» Given information:
⁂
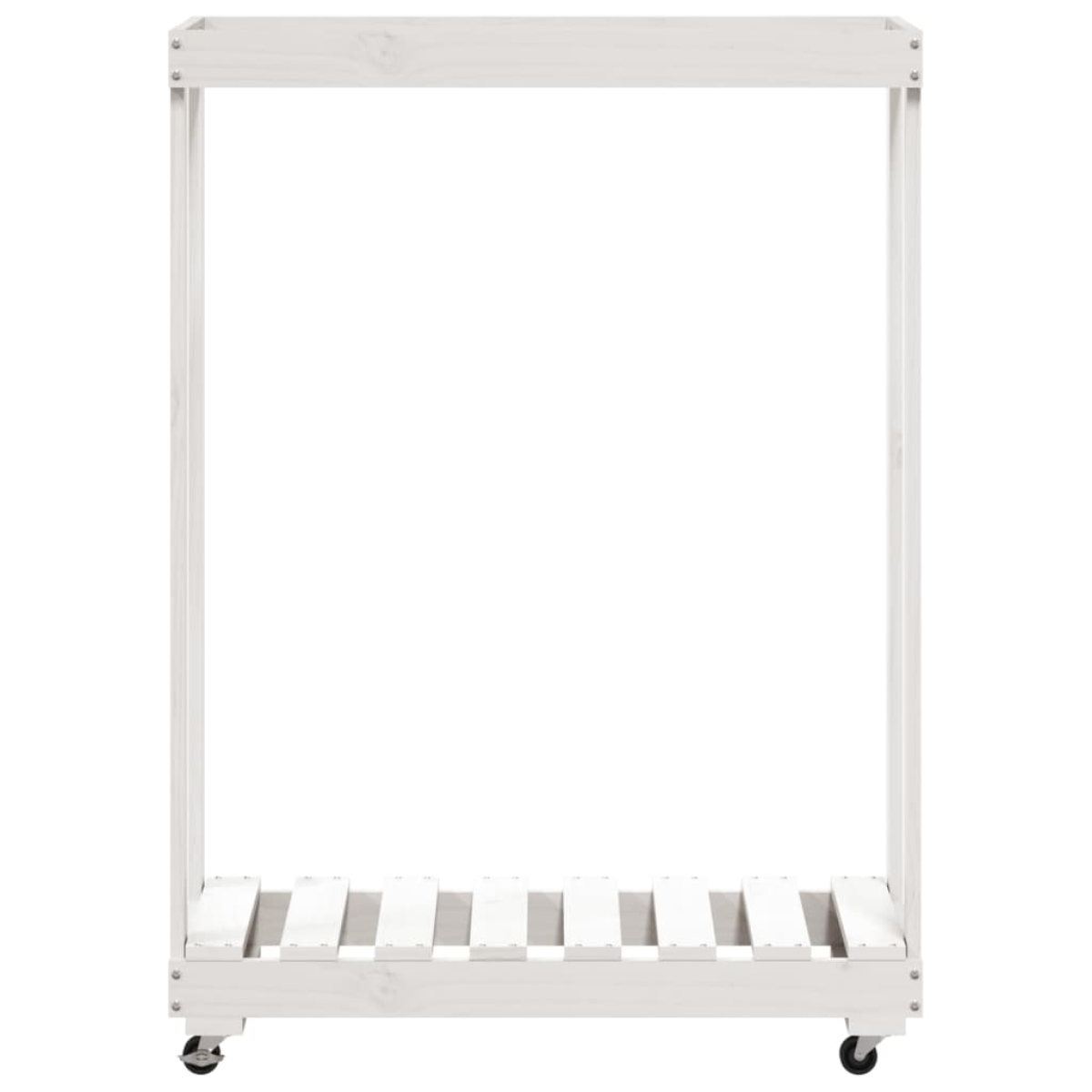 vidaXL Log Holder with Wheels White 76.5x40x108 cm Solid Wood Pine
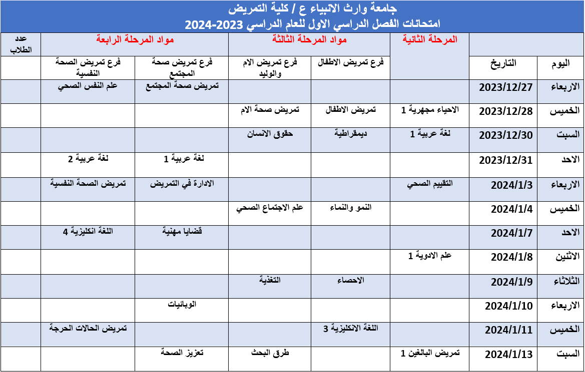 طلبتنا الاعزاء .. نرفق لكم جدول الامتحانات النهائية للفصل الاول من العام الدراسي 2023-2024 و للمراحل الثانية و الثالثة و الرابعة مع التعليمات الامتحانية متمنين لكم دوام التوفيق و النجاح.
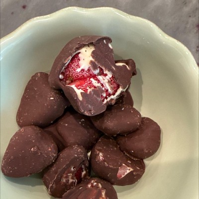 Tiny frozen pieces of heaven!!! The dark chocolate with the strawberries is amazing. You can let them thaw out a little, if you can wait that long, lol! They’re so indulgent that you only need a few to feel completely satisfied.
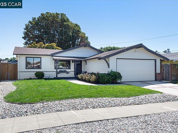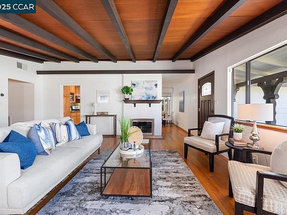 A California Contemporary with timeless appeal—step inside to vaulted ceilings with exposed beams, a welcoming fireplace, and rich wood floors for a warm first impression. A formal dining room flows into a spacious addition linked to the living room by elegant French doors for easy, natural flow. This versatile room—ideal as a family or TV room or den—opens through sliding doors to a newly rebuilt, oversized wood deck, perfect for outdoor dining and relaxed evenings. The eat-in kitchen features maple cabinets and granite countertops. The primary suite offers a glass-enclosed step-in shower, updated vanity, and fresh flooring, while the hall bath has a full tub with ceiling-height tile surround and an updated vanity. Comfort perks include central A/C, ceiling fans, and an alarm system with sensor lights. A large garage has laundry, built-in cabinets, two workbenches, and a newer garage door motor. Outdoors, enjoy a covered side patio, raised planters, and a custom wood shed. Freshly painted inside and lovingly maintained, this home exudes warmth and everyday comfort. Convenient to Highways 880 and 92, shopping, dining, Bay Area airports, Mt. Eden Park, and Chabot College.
⁂
» Task directions:
All of the data is to be transcribed exactly, with images omitted.

» Answer box:
 vidaXL Log Holder with Wheels White 76.5x40x108 cm Solid Wood Pine
 طلبتنا الاعزاء .. نرفق لكم جدول الامتحانات النهائية للفصل الاول من العام الدراسي 2023-2024 و للمراحل الثانية و الثالثة و الرابعة مع التعليمات الامتحانية متمنين لكم دوام التوفيق و النجاح.
 Tiny frozen pieces of heaven!!! The dark chocolate with the strawberries is amazing. You can let them thaw out a little, if you can wait that long, lol! They’re so indulgent that you only need a few to feel completely satisfied.
 A California Contemporary with timeless appeal—step inside to vaulted ceilings with exposed beams, a welcoming fireplace, and rich wood floors for a warm first impression. A formal dining room flows into a spacious addition linked to the living room by elegant French doors for easy, natural flow. This versatile room—ideal as a family or TV room or den—opens through sliding doors to a newly rebuilt, oversized wood deck, perfect for outdoor dining and relaxed evenings. The eat-in kitchen features maple cabinets and granite countertops. The primary suite offers a glass-enclosed step-in shower, updated vanity, and fresh flooring, while the hall bath has a full tub with ceiling-height tile surround and an updated vanity. Comfort perks include central A/C, ceiling fans, and an alarm system with sensor lights. A large garage has laundry, built-in cabinets, two workbenches, and a newer garage door motor. Outdoors, enjoy a covered side patio, raised planters, and a custom wood shed. Freshly painted inside and lovingly maintained, this home exudes warmth and everyday comfort. Convenient to Highways 880 and 92, shopping, dining, Bay Area airports, Mt. Eden Park, and Chabot College.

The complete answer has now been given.